A callable object that can be used to perform the reduction

cuda.cccl.parallel.experimental.algorithms.make_unique_by_key(
d_in_keys,
d_in_items,
d_out_keys,
d_out_items,
d_out_num_selected,
op,
)#

Implements a device-wide unique by key operation using d_in_keys and the comparison operator op. Only the first key and its value from each run is selected and the total number of items selected is also reported.

Example

Below, unique_by_key is used to populate the arrays of output keys and items with the first key and its corresponding item from each sequence of equal keys. It also outputs the number of items selected.

import cupy as cp
import numpy as np

import cuda.cccl.parallel.experimental as parallel

def compare_op(lhs, rhs):
    return np.uint8(lhs == rhs)

h_in_keys = np.array([0, 2, 2, 9, 5, 5, 5, 8], dtype="int32")
h_in_items = np.array([1, 2, 3, 4, 5, 6, 7, 8], dtype="float32")

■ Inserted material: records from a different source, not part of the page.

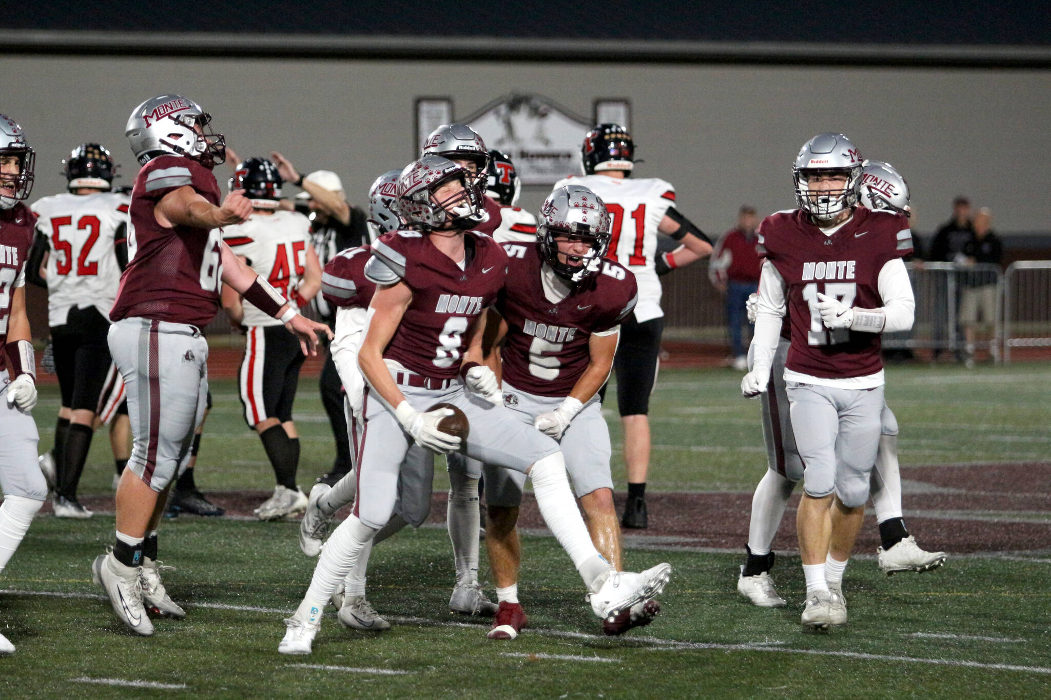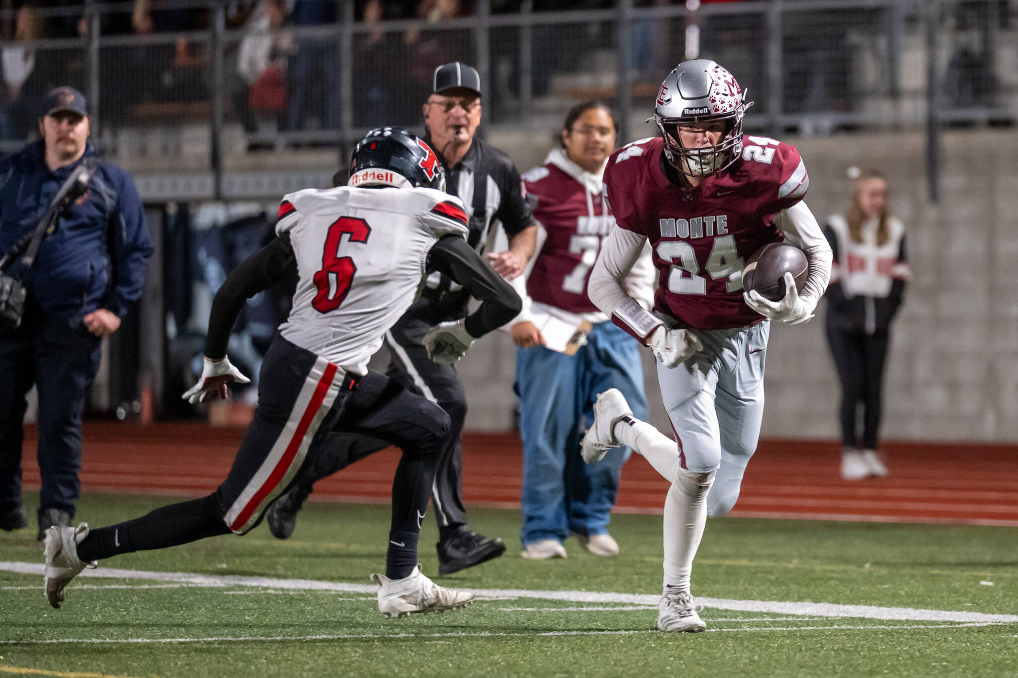 After Tenino was held to another three-and-out by the Bulldogs defense, Monte’s offense scored when Perry hit receiver Kole Kjesbu with a short pass in the flat. The senior raced 12 yards to the pylon for the touchdown that gave Monte a running clock the for the final 18 minutes of game time.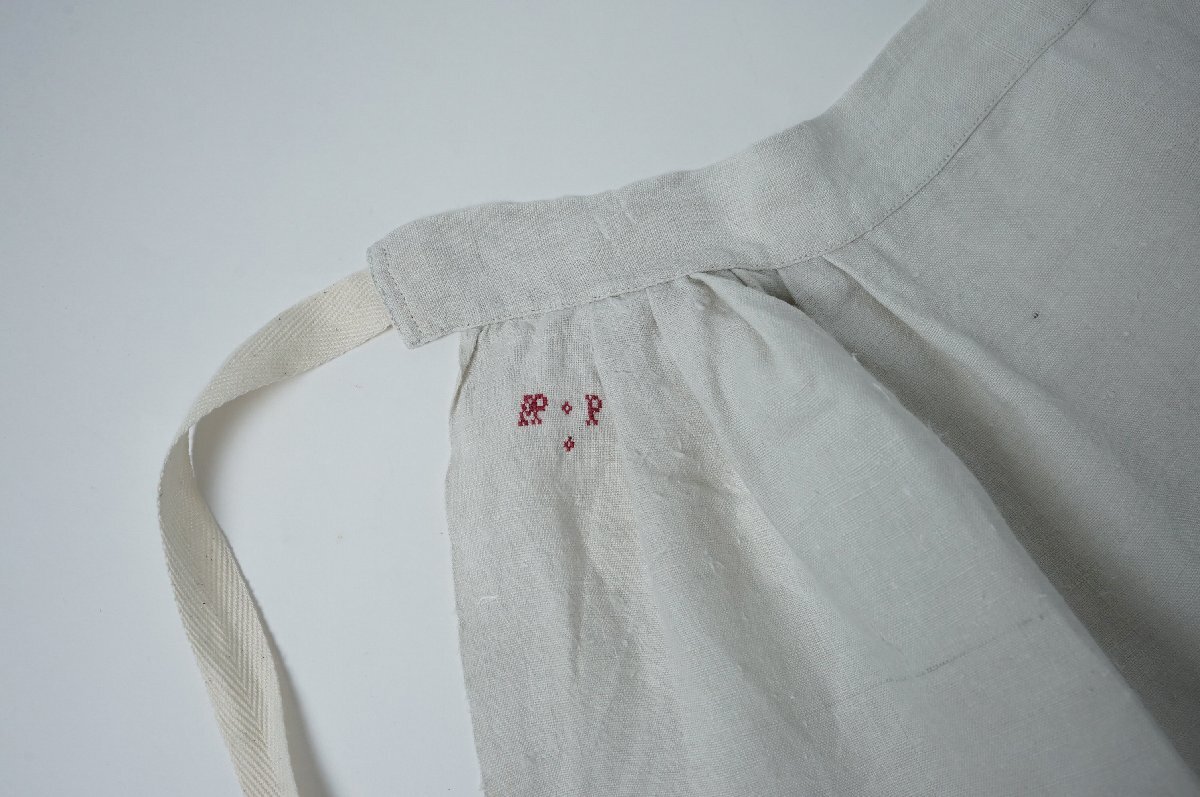 フランス アンティーク エプロン タブリエ リネン 麻 刺繍 [E634]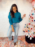 • Casual Brunch Waffle Knit Sweater in Ocean Teal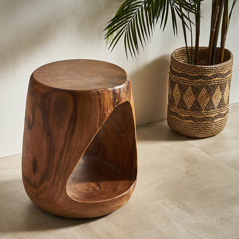 モンキーポッドの無垢材を使用した木彫りの丸太スツール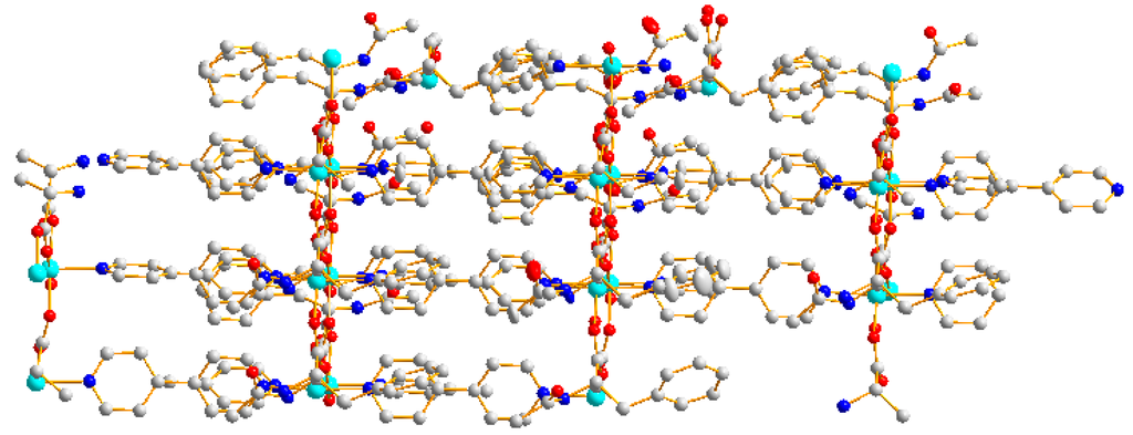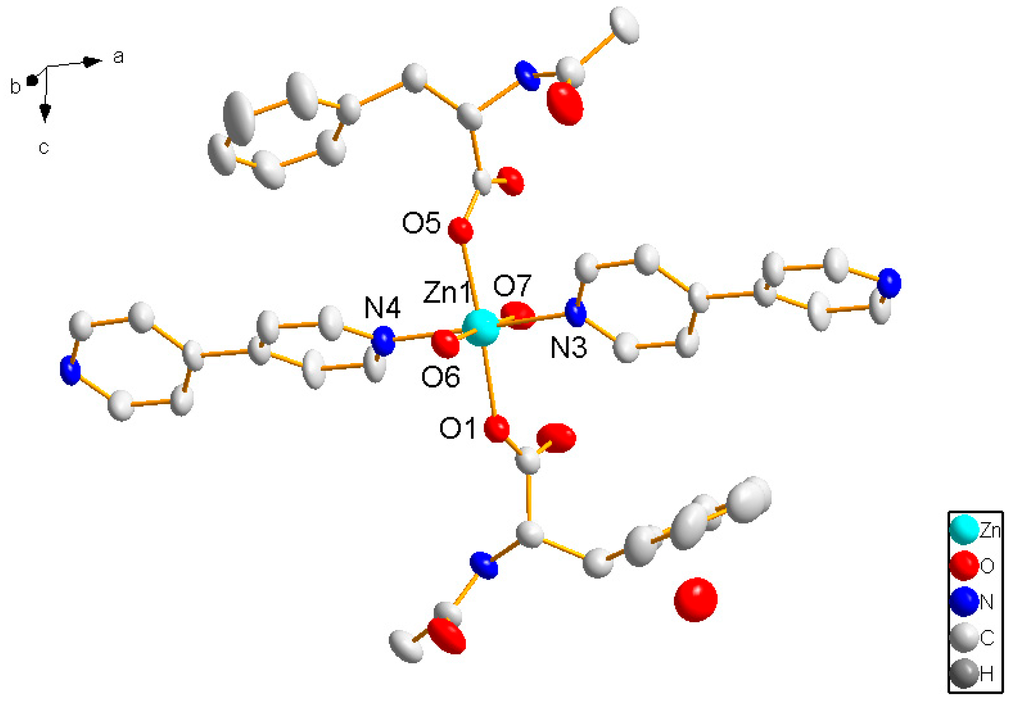 N-acetyl-l-phenylalanine, 4,4′-bipyridine, Zn(OAc)2·2H2O, NaOH and solvents were purchased commercially and used without further purification. Elemental analyses for C, H and N were carried out on a Elementar Vario III EL elemental analyzer. The FT-IR spectra were recorded in the range 4000–400 cm−1 on a Nicolet AVATAR 360 FTIR Spectrophotometer (Nicolet Instrument Inc., Madison, WI, USA). Luminescence spectra were measured on a PE LS-55 fluorescent spectrophotometer (PerkinElmer, Billerica, MA, USA). Single crystal data of {[Zn(L)2(4,4′-bipy)]·(H2O)}n were collected by a Bruker smart CCD diffractometer(Bruker, Billerica, MA, USA).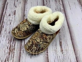 Чуни домашние из овчины, со вставкой из гобелена.— Описание у На сайте поставщика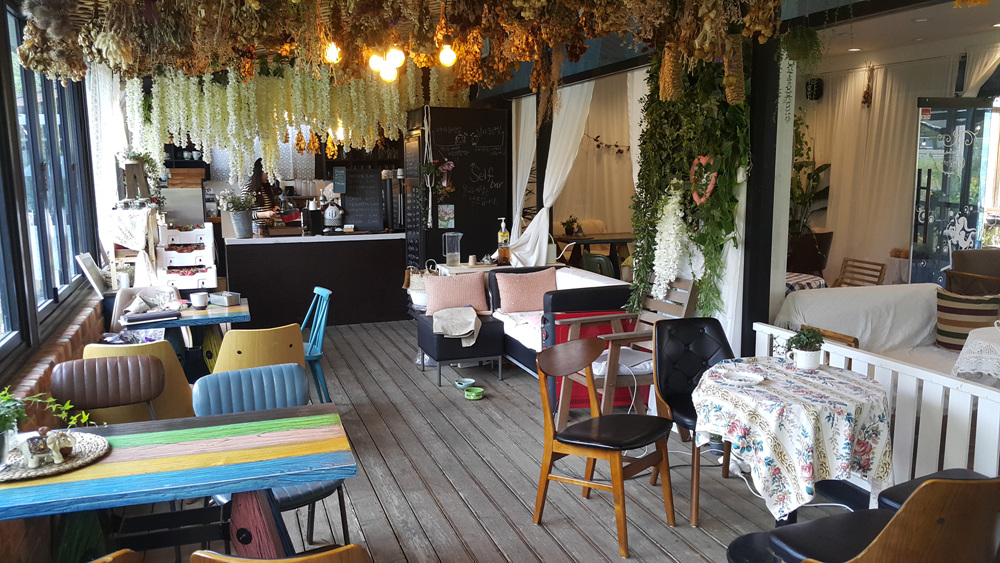 카페안을 온통 정원의 연장선으로 만들어 놓았어요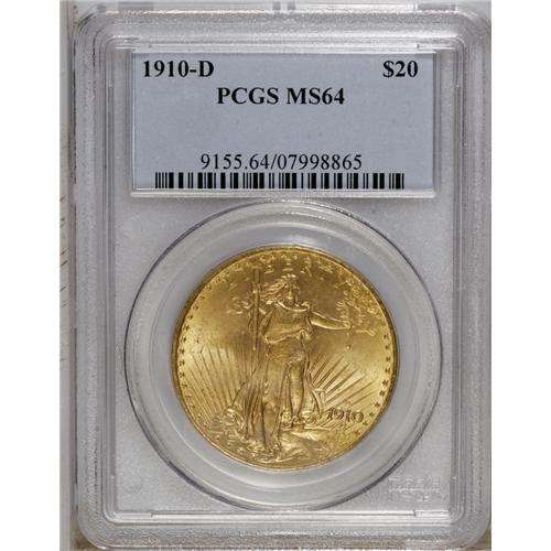 <B>1910-D<$20> MS64 PCGS.</B></I> Hints of salmon appear on the highly lustrous surfaces. The well struck devices are clean, and the yellow-orange fields have just a few too many marks for a higher grade.

d_in_keys = cp.asarray(h_in_keys)
d_in_items = cp.asarray(h_in_items)
d_out_keys = cp.empty_like(d_in_keys)
d_out_items = cp.empty_like(d_in_items)
d_out_num_selected = cp.empty(1, np.int32)

# Run unique_by_key with automatic temp storage allocation
parallel.unique_by_key(
    d_in_keys,
    d_in_items,
    d_out_keys,
    d_out_items,
    d_out_num_selected,
    compare_op,
    d_in_keys.size,
)

# Check the result is correct
num_selected = cp.asnumpy(d_out_num_selected)[0]
h_out_keys = cp.asnumpy(d_out_keys)[:num_selected]
h_out_items = cp.asnumpy(d_out_items)[:num_selected]

prev_key = h_in_keys[0]
expected_keys = [prev_key]
expected_items = [h_in_items[0]]

for idx, (previous, next) in enumerate(zip(h_in_keys, h_in_keys[1:])):
    if previous != next:
        expected_keys.append(next)

        # add 1 since we are enumerating over pairs
        expected_items.append(h_in_items[idx + 1])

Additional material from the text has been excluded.